## Material provided
↓↓↓

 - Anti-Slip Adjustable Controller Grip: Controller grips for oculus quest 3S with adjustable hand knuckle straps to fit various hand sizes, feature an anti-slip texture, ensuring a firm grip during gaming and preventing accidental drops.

↑↑↑
↓↓↓

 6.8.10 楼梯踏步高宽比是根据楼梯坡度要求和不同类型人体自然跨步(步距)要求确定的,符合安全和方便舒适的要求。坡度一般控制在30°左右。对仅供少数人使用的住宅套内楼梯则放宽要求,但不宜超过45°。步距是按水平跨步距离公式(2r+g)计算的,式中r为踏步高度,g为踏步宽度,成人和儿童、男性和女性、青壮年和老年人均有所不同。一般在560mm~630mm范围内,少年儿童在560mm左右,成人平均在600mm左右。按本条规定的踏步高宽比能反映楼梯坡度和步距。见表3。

↑↑↑
↓↓↓

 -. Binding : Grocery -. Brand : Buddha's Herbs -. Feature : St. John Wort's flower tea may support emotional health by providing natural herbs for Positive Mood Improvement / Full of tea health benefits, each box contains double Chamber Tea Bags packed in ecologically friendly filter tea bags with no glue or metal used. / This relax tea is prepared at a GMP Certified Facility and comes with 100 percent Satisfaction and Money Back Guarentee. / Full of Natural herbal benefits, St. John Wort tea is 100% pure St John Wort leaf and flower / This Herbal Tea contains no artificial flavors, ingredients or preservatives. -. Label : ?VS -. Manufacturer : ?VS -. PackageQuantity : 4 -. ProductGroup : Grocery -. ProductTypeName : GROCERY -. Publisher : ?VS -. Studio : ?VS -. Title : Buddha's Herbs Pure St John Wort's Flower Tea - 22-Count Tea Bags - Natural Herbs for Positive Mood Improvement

↑↑↑

## Your assignment
The answer is a single number, the count of lines in the records that contain the string "with".

## Your response
2